• [Aim of the exercise]: Set the data down again, exactly as it reads, but without the pictures.

*** Opening of Input material ***

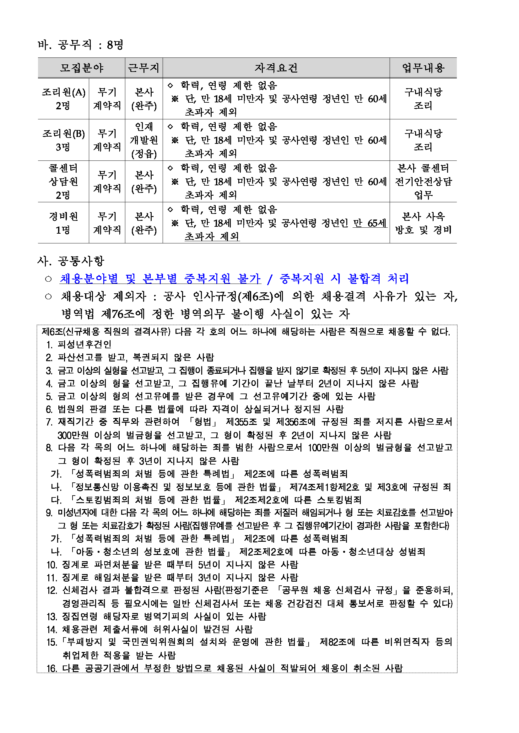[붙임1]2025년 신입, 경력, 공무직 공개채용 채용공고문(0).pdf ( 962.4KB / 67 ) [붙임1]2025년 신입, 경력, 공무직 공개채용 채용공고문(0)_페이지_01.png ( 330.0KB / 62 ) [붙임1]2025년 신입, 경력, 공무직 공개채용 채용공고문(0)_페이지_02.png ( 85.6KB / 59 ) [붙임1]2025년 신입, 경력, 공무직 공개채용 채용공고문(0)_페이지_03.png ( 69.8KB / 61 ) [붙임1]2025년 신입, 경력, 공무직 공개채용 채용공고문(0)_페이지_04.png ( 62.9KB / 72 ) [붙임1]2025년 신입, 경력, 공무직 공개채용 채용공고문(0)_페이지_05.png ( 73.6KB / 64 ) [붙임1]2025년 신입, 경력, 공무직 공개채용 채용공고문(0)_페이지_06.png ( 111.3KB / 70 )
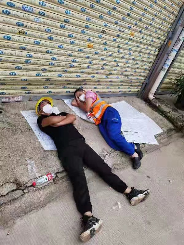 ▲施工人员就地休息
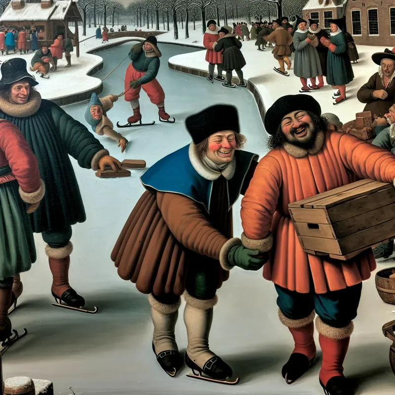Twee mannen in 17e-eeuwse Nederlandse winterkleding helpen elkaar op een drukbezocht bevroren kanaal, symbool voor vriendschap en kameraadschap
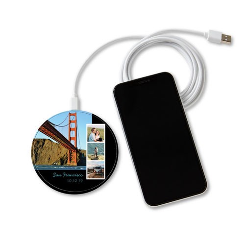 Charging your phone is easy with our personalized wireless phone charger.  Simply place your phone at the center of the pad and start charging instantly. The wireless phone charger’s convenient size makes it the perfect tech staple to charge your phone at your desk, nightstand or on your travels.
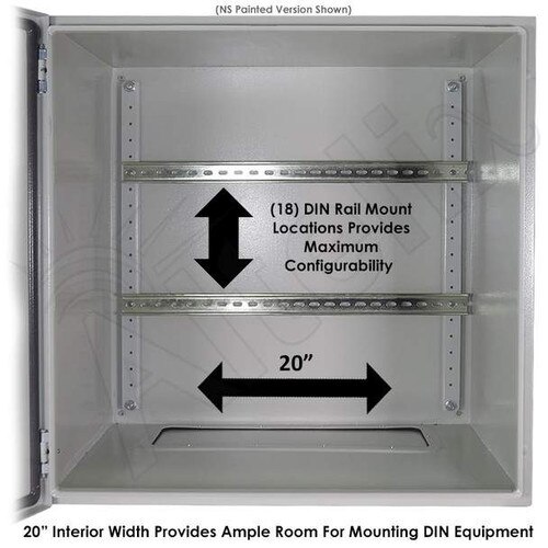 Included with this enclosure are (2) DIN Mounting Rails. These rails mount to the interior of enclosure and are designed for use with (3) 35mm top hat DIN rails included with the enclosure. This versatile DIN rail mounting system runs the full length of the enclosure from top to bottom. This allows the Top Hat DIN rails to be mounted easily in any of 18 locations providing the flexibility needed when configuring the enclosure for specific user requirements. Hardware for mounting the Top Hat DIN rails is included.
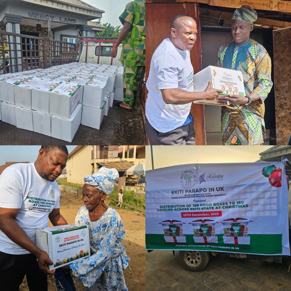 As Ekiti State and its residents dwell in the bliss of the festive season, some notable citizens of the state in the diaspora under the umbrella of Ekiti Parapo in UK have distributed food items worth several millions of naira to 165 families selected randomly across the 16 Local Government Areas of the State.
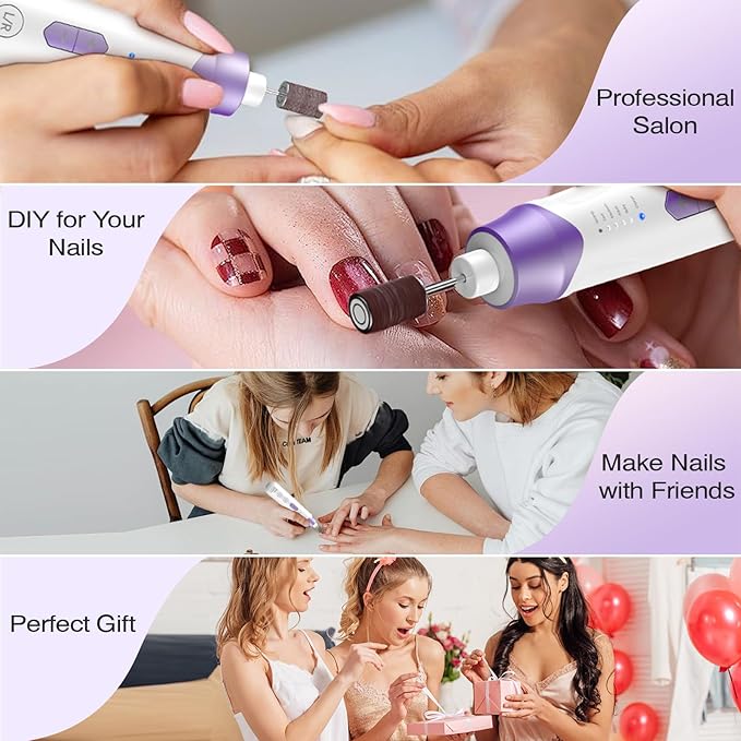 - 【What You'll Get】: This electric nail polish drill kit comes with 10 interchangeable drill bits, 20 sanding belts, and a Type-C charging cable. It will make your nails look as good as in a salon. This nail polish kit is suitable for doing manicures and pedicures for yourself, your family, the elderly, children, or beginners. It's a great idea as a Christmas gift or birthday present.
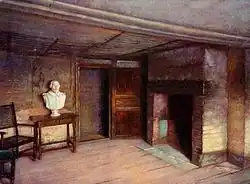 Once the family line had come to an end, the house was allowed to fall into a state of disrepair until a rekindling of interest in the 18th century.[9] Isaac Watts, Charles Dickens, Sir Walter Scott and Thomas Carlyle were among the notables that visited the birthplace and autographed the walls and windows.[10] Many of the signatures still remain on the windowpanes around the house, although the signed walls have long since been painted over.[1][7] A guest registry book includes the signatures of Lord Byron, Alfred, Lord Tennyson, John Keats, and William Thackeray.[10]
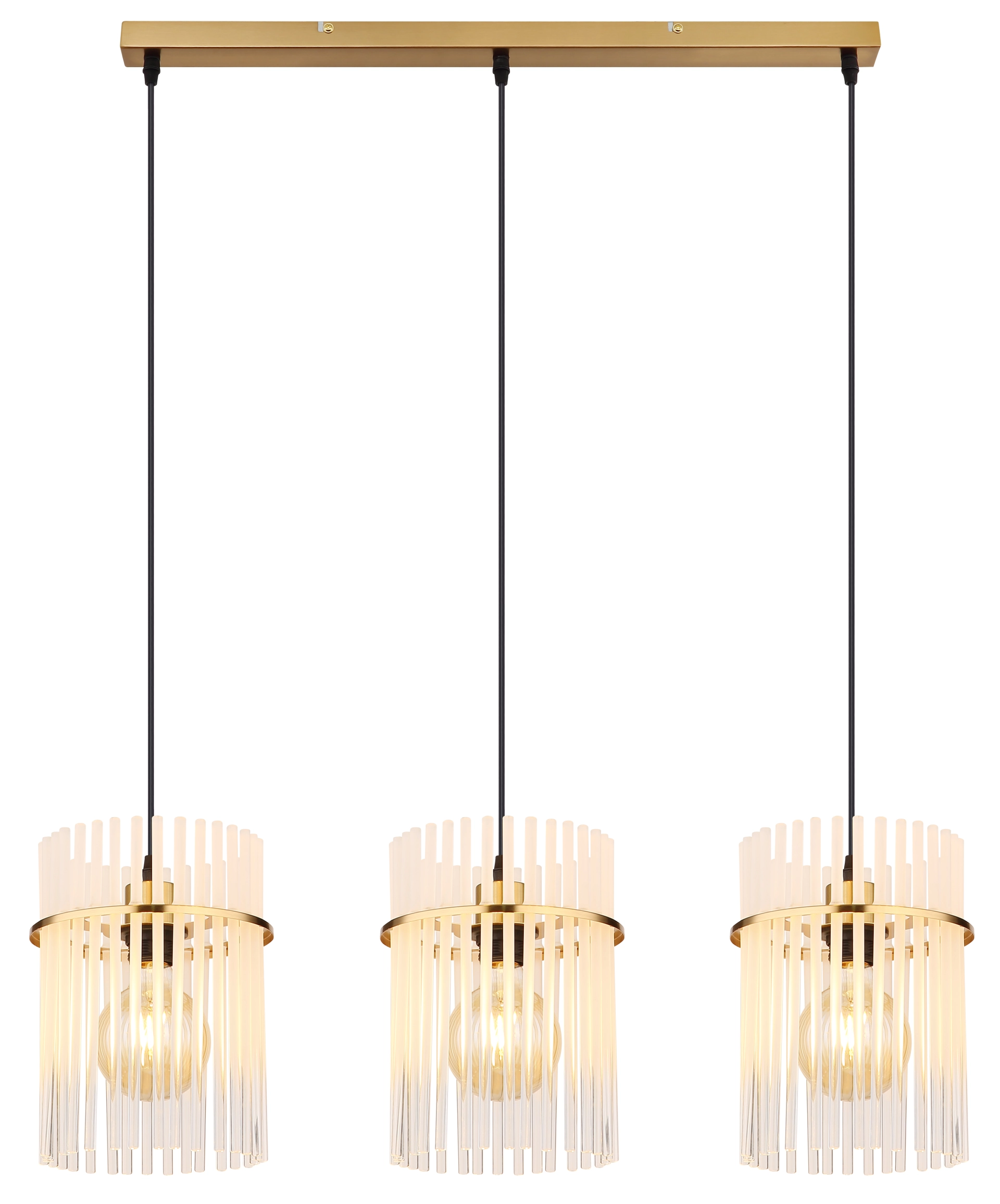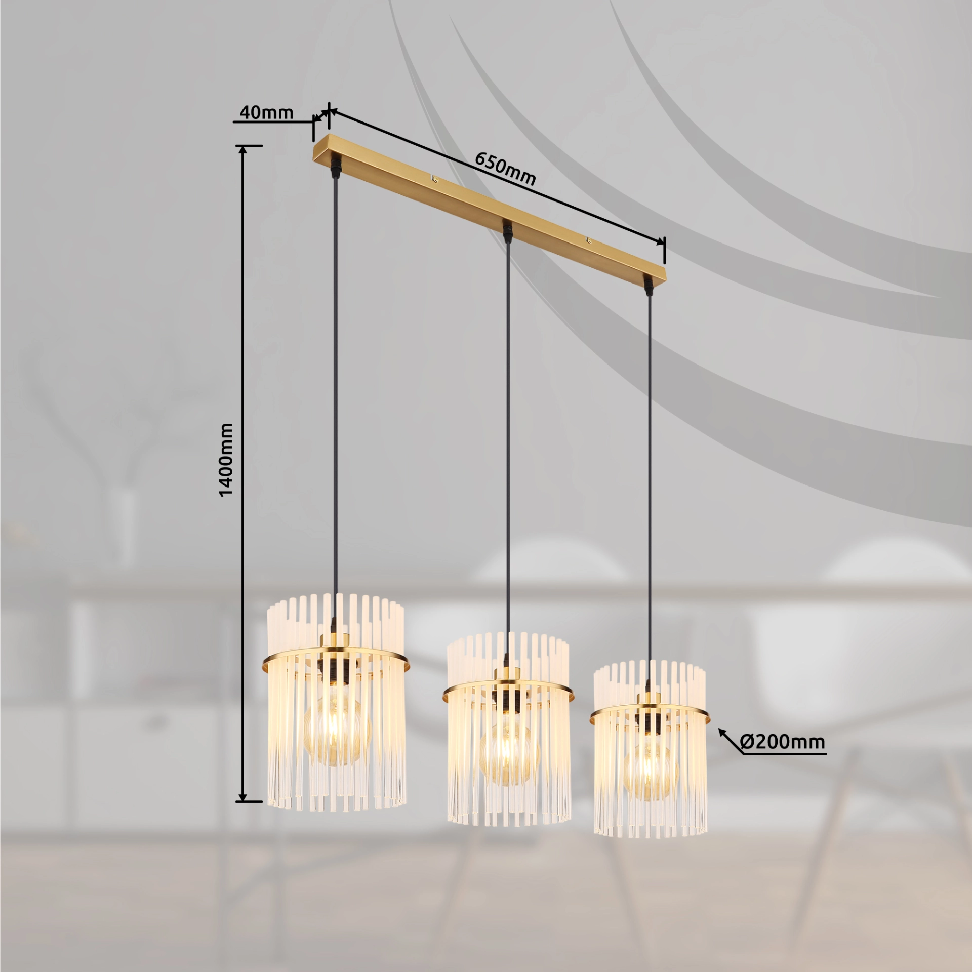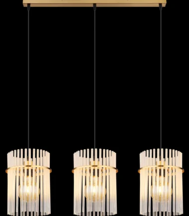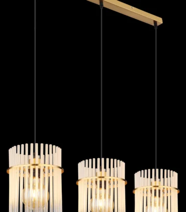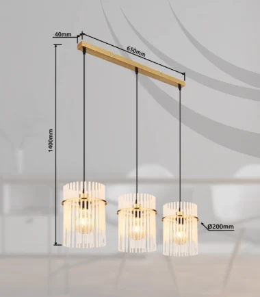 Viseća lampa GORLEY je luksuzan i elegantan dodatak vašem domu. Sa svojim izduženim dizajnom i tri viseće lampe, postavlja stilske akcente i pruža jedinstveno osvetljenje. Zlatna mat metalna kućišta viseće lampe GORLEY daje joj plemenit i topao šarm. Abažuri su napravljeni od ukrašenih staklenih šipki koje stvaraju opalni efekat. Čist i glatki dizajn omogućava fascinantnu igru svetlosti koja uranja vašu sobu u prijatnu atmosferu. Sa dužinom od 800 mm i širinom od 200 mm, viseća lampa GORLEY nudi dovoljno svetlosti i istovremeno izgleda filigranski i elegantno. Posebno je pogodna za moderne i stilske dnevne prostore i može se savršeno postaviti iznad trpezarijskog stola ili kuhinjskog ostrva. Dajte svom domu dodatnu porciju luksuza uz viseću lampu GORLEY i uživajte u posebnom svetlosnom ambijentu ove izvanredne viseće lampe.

*** Close of Input material ***

• [Task answer]:
[붙임1]2025년 신입, 경력, 공무직 공개채용 채용공고문(0).pdf ( 962.4KB / 67 ) [붙임1]2025년 신입, 경력, 공무직 공개채용 채용공고문(0)_페이지_01.png ( 330.0KB / 62 ) [붙임1]2025년 신입, 경력, 공무직 공개채용 채용공고문(0)_페이지_02.png ( 85.6KB / 59 ) [붙임1]2025년 신입, 경력, 공무직 공개채용 채용공고문(0)_페이지_03.png ( 69.8KB / 61 ) [붙임1]2025년 신입, 경력, 공무직 공개채용 채용공고문(0)_페이지_04.png ( 62.9KB / 72 ) [붙임1]2025년 신입, 경력, 공무직 공개채용 채용공고문(0)_페이지_05.png ( 73.6KB / 64 ) [붙임1]2025년 신입, 경력, 공무직 공개채용 채용공고문(0)_페이지_06.png ( 111.3KB / 70 )
 ▲施工人员就地休息
Twee mannen in 17e-eeuwse Nederlandse winterkleding helpen elkaar op een drukbezocht bevroren kanaal, symbool voor vriendschap en kameraadschap
 Charging your phone is easy with our personalized wireless phone charger.  Simply place your phone at the center of the pad and start charging instantly. The wireless phone charger’s convenient size makes it the perfect tech staple to charge your phone at your desk, nightstand or on your travels.
 Included with this enclosure are (2) DIN Mounting Rails. These rails mount to the interior of enclosure and are designed for use with (3) 35mm top hat DIN rails included with the enclosure. This versatile DIN rail mounting system runs the full length of the enclosure from top to bottom. This allows the Top Hat DIN rails to be mounted easily in any of 18 locations providing the flexibility needed when configuring the enclosure for specific user requirements. Hardware for mounting the Top Hat DIN rails is included.
 As Ekiti State and its residents dwell in the bliss of the festive season, some notable citizens of the state in the diaspora under the umbrella of Ekiti Parapo in UK have distributed food items worth several millions of naira to 165 families selected randomly across the 16 Local Government Areas of the State.
 - 【What You'll Get】: This electric nail polish drill kit comes with 10 interchangeable drill bits, 20 sanding belts, and a Type-C charging cable. It will make your nails look as good as in a salon. This nail polish kit is suitable for doing manicures and pedicures for yourself, your family, the elderly, children, or beginners. It's a great idea as a Christmas gift or birthday present.
 Once the family line had come to an end, the house was allowed to fall into a state of disrepair until a rekindling of interest in the 18th century.[9] Isaac Watts, Charles Dickens, Sir Walter Scott and Thomas Carlyle were among the notables that visited the birthplace and autographed the walls and windows.[10] Many of the signatures still remain on the windowpanes around the house, although the signed walls have long since been painted over.[1][7] A guest registry book includes the signatures of Lord Byron, Alfred, Lord Tennyson, John Keats, and William Thackeray.[10]
 Viseća lampa GORLEY je luksuzan i elegantan dodatak vašem domu. Sa svojim izduženim dizajnom i tri viseće lampe, postavlja stilske akcente i pruža jedinstveno osvetljenje. Zlatna mat metalna kućišta viseće lampe GORLEY daje joj plemenit i topao šarm. Abažuri su napravljeni od ukrašenih staklenih šipki koje stvaraju opalni efekat. Čist i glatki dizajn omogućava fascinantnu igru svetlosti koja uranja vašu sobu u prijatnu atmosferu. Sa dužinom od 800 mm i širinom od 200 mm, viseća lampa GORLEY nudi dovoljno svetlosti i istovremeno izgleda filigranski i elegantno. Posebno je pogodna za moderne i stilske dnevne prostore i može se savršeno postaviti iznad trpezarijskog stola ili kuhinjskog ostrva. Dajte svom domu dodatnu porciju luksuza uz viseću lampu GORLEY i uživajte u posebnom svetlosnom ambijentu ove izvanredne viseće lampe.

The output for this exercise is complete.